Celebrations · the shower

The bridal shower bar: small room, big sentiment

Showers are the most intimate version of the bar — twenty to sixty guests, an afternoon pace, and time to be thoughtful about every letter placement. It also solves the eternal shower problem: an activity that is not a game anyone has to be talked into.

Why robes rule the shower

This is the one event where the robe bar takes the lead. The bridal party gets their getting-ready robes months before the wedding morning (so they actually appear in the photos), and every guest can monogram one as their own indulgence. We bring script and serif initial styles that suit a robe collar or hip, and our attendants steam and fold each finished piece so it leaves looking boutique-wrapped.

Shower stations are typically a two-hour live window with one press and one attendant — the smallest, most affordable configuration we run. Guests take five minutes each; the rest is mimosas.

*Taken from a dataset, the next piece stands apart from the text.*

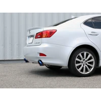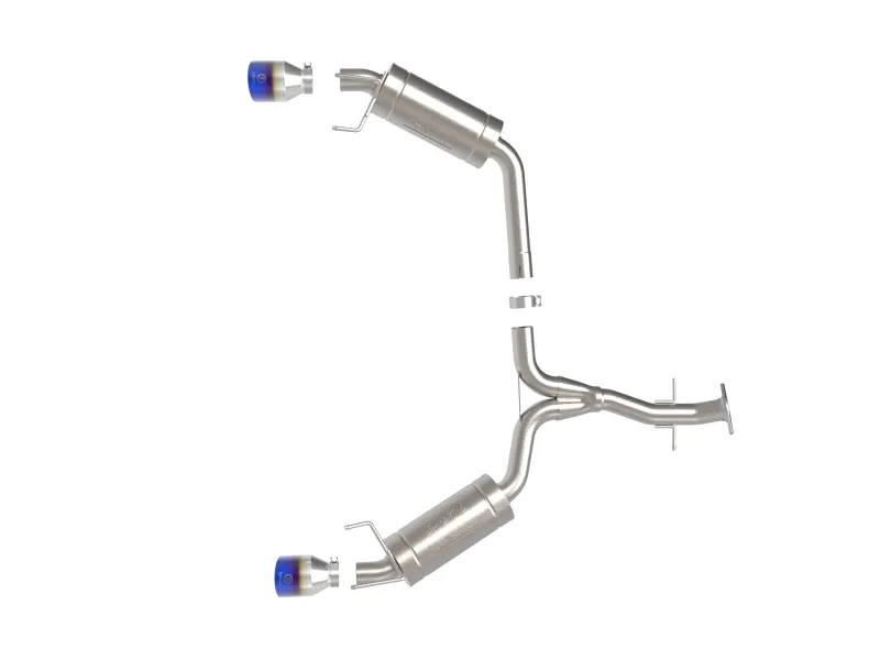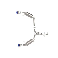 This axle-back exhaust system is constructed of 2-1/2 IN mandrel-bent 304 stainless steel tubing for maximum strength and durability. This system features dual high-flow stainless steel mufflers, producing an aggressive sound. Muffler finish may vary. Finishing off this exhaust system are dual 4-1/2 IN diameter blue flame 304 stainless steel clamp-on exhaust tips. The tips features a laser etched Takeda logo for a unique style. This system produces an aggressive sound unleashing all available horsepower and torque. Utilizing a factory style flange and hangers this system is a direct bolt-on system, which requires no cutting or modifications for a hassle-free installation. Utilizing state-of-the-art computer-aided design technology, this exhaust system is designed for custom, high tolerance factory fitment. 100% MIG-Welded for race-proven strength and durability.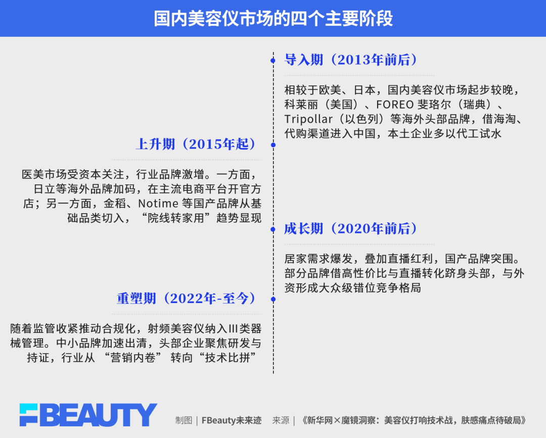 回顾国内美容仪行业历经四阶段演进,合规化是重塑格局的核心分水岭。

Fitting a backyard, restaurant, or living room

Unlike a ballroom build, shower setups compress: a six-foot table works, and a standard household outlet powers the press. We have set up on patios, in private dining rooms, and beside more than one pool. If the shower is outdoors, we just ask for shade over the station — the letters and the attendant both prefer it.

A note on hosting math

Hosts often split the bar's cost among the bridal party in place of individual gifts — one memorable afternoon instead of eight duplicate candles. If that is the plan, pricing explains what drives the number, and the cost answer page gives the honest ranges. When you are ready, send your date and headcount and we will shape it to the budget.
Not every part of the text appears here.